┌──

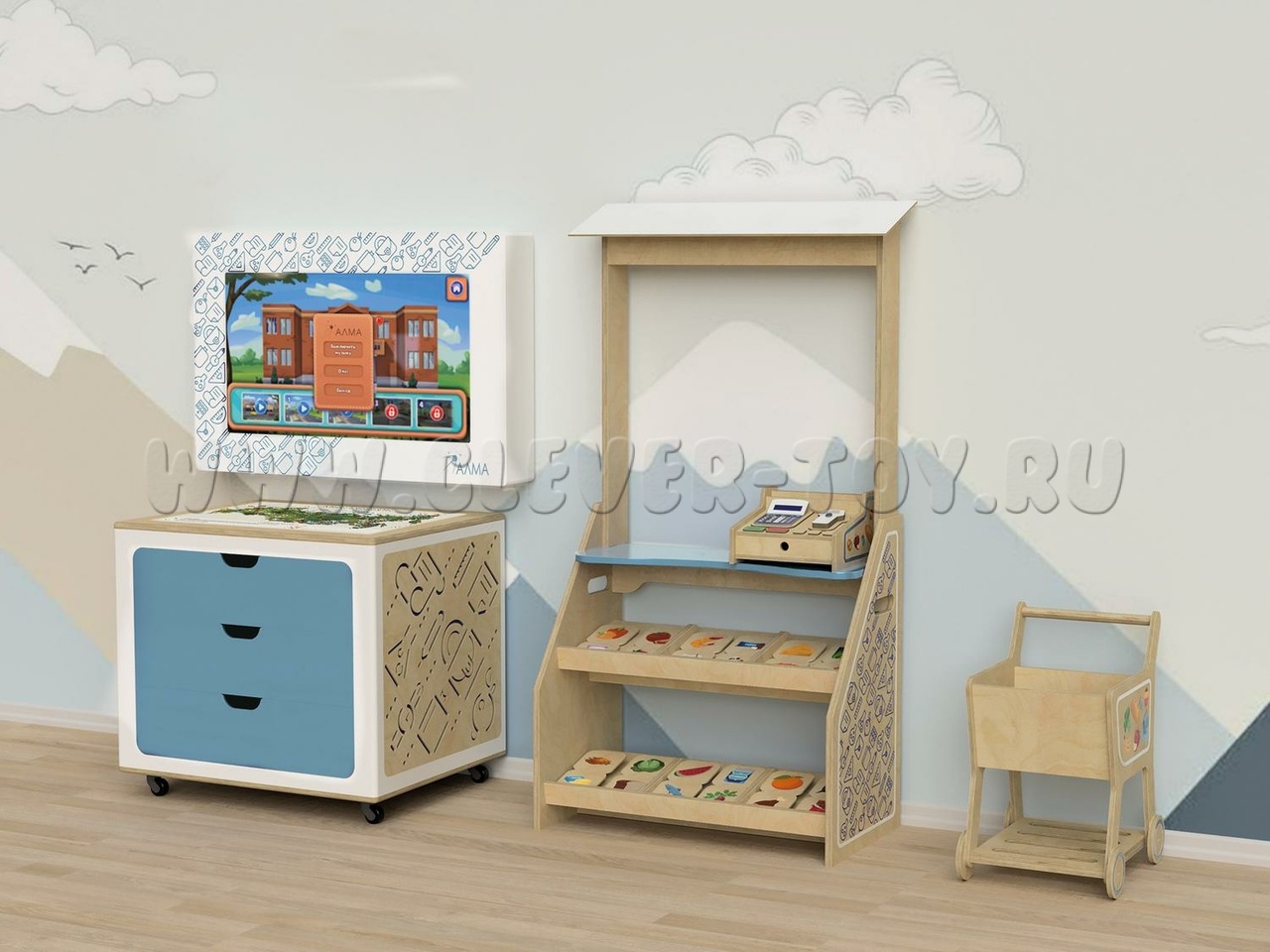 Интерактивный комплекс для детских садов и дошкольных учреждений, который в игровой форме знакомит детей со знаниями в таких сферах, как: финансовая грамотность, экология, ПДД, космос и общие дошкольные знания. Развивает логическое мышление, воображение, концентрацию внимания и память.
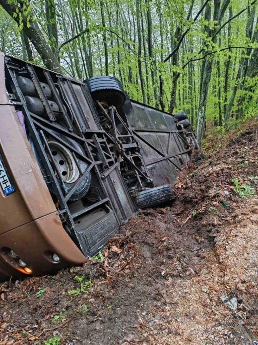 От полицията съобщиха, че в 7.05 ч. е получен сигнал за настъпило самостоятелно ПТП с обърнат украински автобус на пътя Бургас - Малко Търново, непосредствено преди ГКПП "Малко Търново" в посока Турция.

└──
┌──

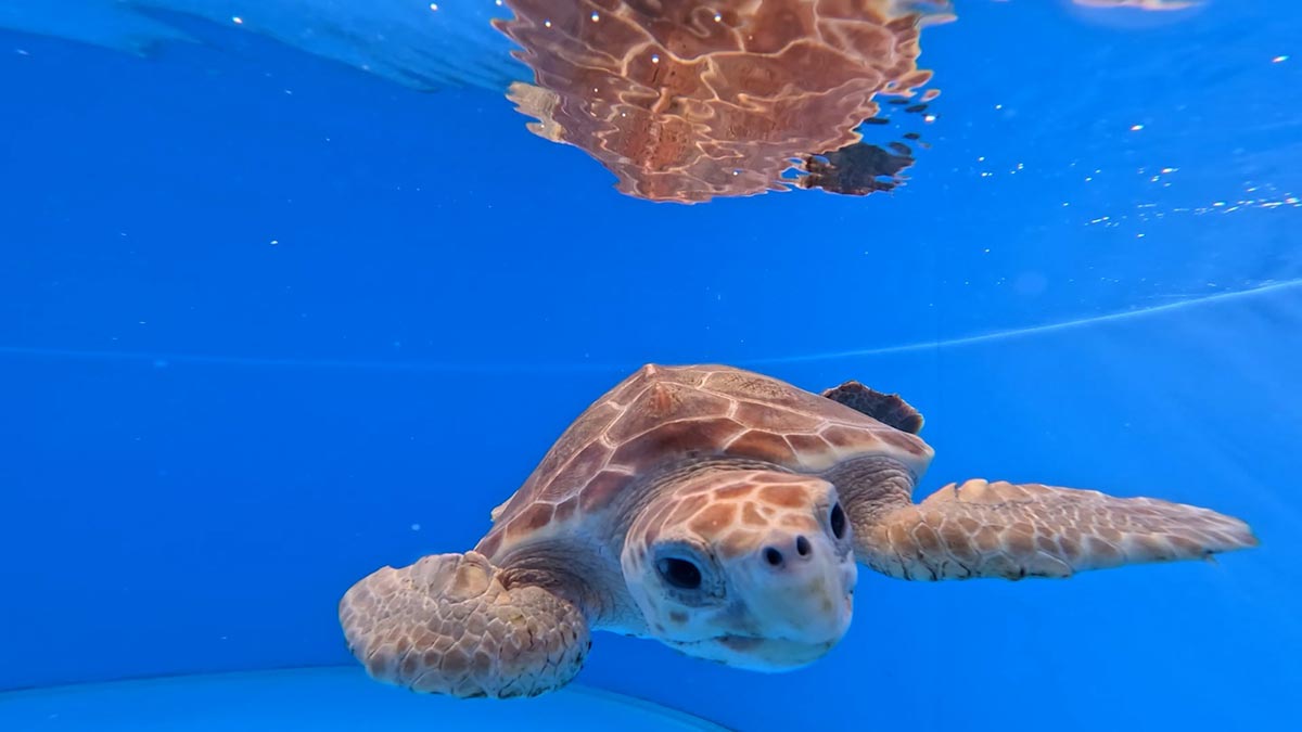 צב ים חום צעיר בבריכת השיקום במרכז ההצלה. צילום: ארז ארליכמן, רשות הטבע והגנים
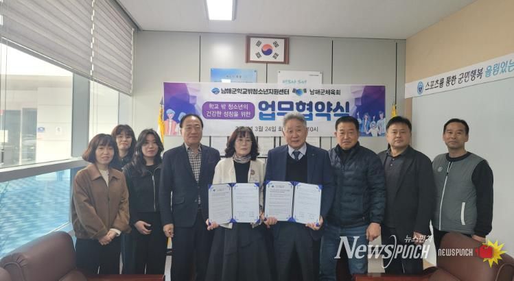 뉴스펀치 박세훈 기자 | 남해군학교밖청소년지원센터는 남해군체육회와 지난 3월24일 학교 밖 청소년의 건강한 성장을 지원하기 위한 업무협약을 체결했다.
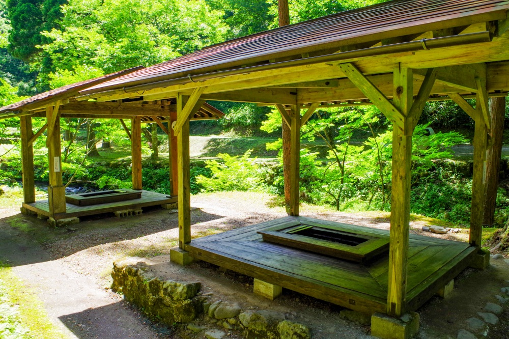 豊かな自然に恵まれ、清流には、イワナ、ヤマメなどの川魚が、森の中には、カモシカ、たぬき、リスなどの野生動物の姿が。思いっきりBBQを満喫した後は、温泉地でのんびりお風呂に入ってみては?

└──

### [WORK TASK]
In the listing above, find the line with "Интерактивный комплекс для" and the line with "От полицията съобщиха, че". Set down both and every line between them, minus the pictures.

### [RESULT OF THIS EXERCISE]
 Интерактивный комплекс для детских садов и дошкольных учреждений, который в игровой форме знакомит детей со знаниями в таких сферах, как: финансовая грамотность, экология, ПДД, космос и общие дошкольные знания. Развивает логическое мышление, воображение, концентрацию внимания и память.
 От полицията съобщиха, че в 7.05 ч. е получен сигнал за настъпило самостоятелно ПТП с обърнат украински автобус на пътя Бургас - Малко Търново, непосредствено преди ГКПП "Малко Търново" в посока Турция.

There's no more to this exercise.